Directions:
Look for the line containing "Знайдіть Диспетчер пристроїв.у" and the line containing "Die Penzion Sivý" in the entries below. Copy those two and all lines between them exactly, leaving out pictures.

Exercise inputs:

#####

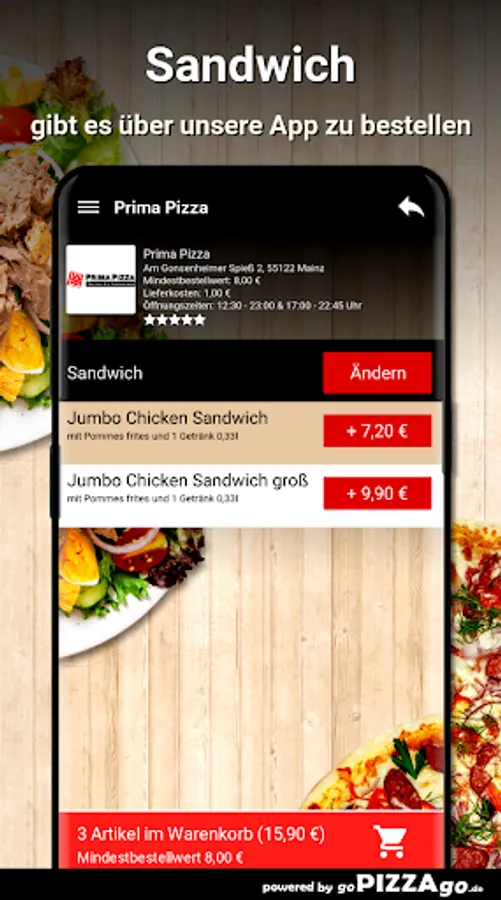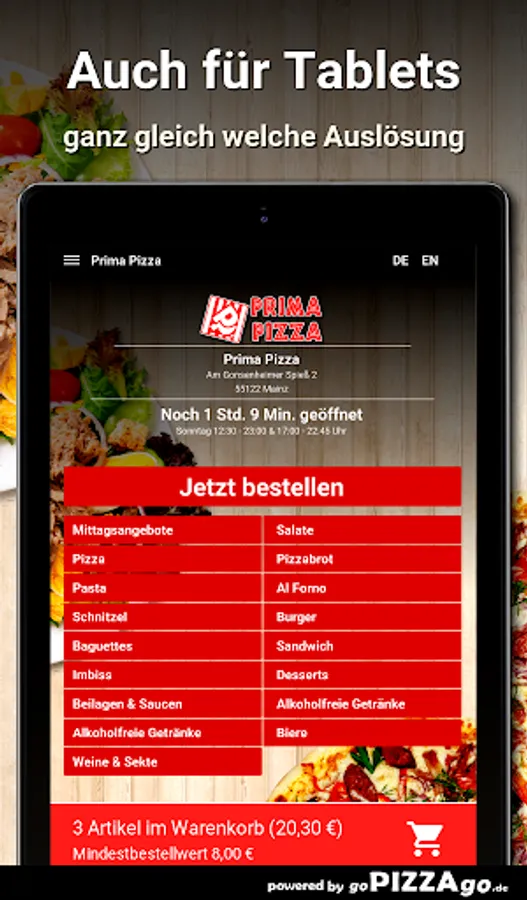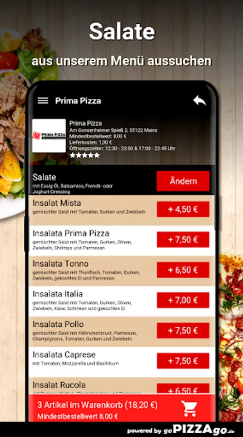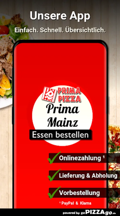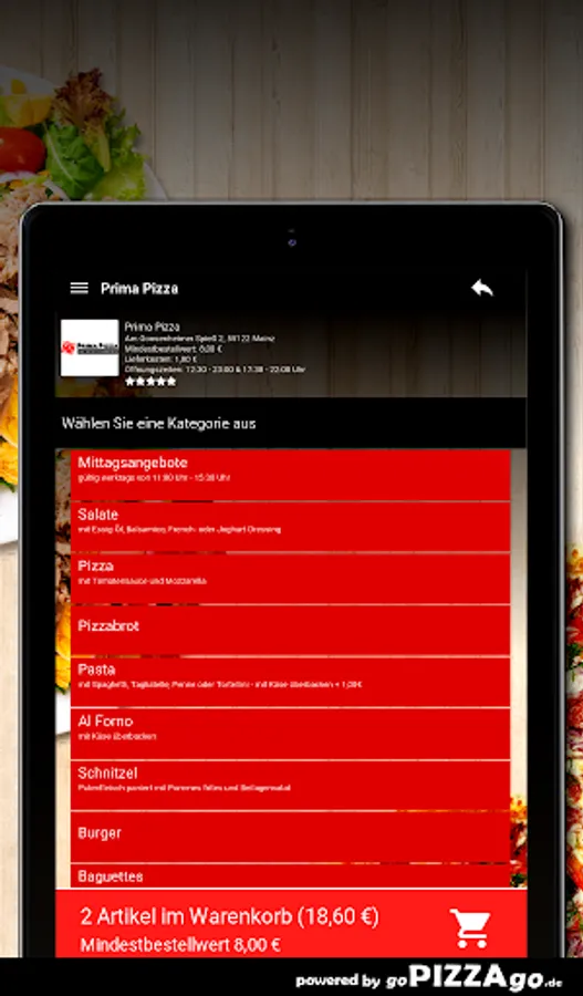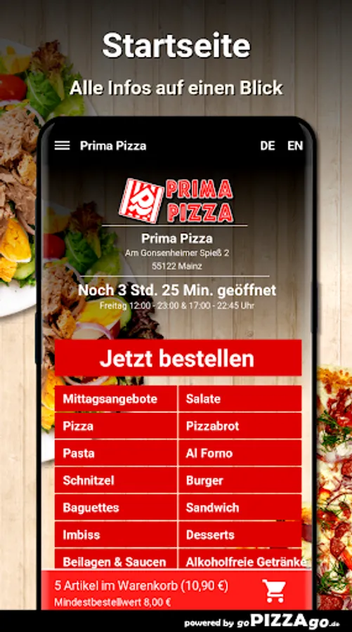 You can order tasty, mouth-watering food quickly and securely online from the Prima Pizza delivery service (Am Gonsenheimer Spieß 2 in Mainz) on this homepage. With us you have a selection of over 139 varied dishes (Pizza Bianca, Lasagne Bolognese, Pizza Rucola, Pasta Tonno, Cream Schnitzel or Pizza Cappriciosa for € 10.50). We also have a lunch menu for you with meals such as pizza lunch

#####

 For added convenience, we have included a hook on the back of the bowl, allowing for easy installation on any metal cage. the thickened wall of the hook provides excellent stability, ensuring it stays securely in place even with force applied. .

#####

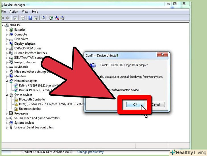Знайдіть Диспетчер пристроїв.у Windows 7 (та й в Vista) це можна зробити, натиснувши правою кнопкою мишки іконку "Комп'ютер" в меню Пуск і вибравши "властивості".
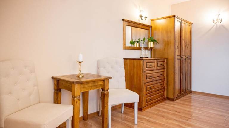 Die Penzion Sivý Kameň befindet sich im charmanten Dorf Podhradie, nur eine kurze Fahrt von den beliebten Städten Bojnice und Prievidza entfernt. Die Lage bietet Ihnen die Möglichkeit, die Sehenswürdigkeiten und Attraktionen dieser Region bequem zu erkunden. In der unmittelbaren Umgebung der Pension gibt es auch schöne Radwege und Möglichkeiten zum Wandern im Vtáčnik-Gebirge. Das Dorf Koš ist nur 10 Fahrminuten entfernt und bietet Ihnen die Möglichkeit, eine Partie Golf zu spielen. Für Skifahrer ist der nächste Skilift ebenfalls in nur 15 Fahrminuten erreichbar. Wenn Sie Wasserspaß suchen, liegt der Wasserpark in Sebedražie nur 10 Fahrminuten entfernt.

#####

Output for this exercise:
Знайдіть Диспетчер пристроїв.у Windows 7 (та й в Vista) це можна зробити, натиснувши правою кнопкою мишки іконку "Комп'ютер" в меню Пуск і вибравши "властивості".
 Die Penzion Sivý Kameň befindet sich im charmanten Dorf Podhradie, nur eine kurze Fahrt von den beliebten Städten Bojnice und Prievidza entfernt. Die Lage bietet Ihnen die Möglichkeit, die Sehenswürdigkeiten und Attraktionen dieser Region bequem zu erkunden. In der unmittelbaren Umgebung der Pension gibt es auch schöne Radwege und Möglichkeiten zum Wandern im Vtáčnik-Gebirge. Das Dorf Koš ist nur 10 Fahrminuten entfernt und bietet Ihnen die Möglichkeit, eine Partie Golf zu spielen. Für Skifahrer ist der nächste Skilift ebenfalls in nur 15 Fahrminuten erreichbar. Wenn Sie Wasserspaß suchen, liegt der Wasserpark in Sebedražie nur 10 Fahrminuten entfernt.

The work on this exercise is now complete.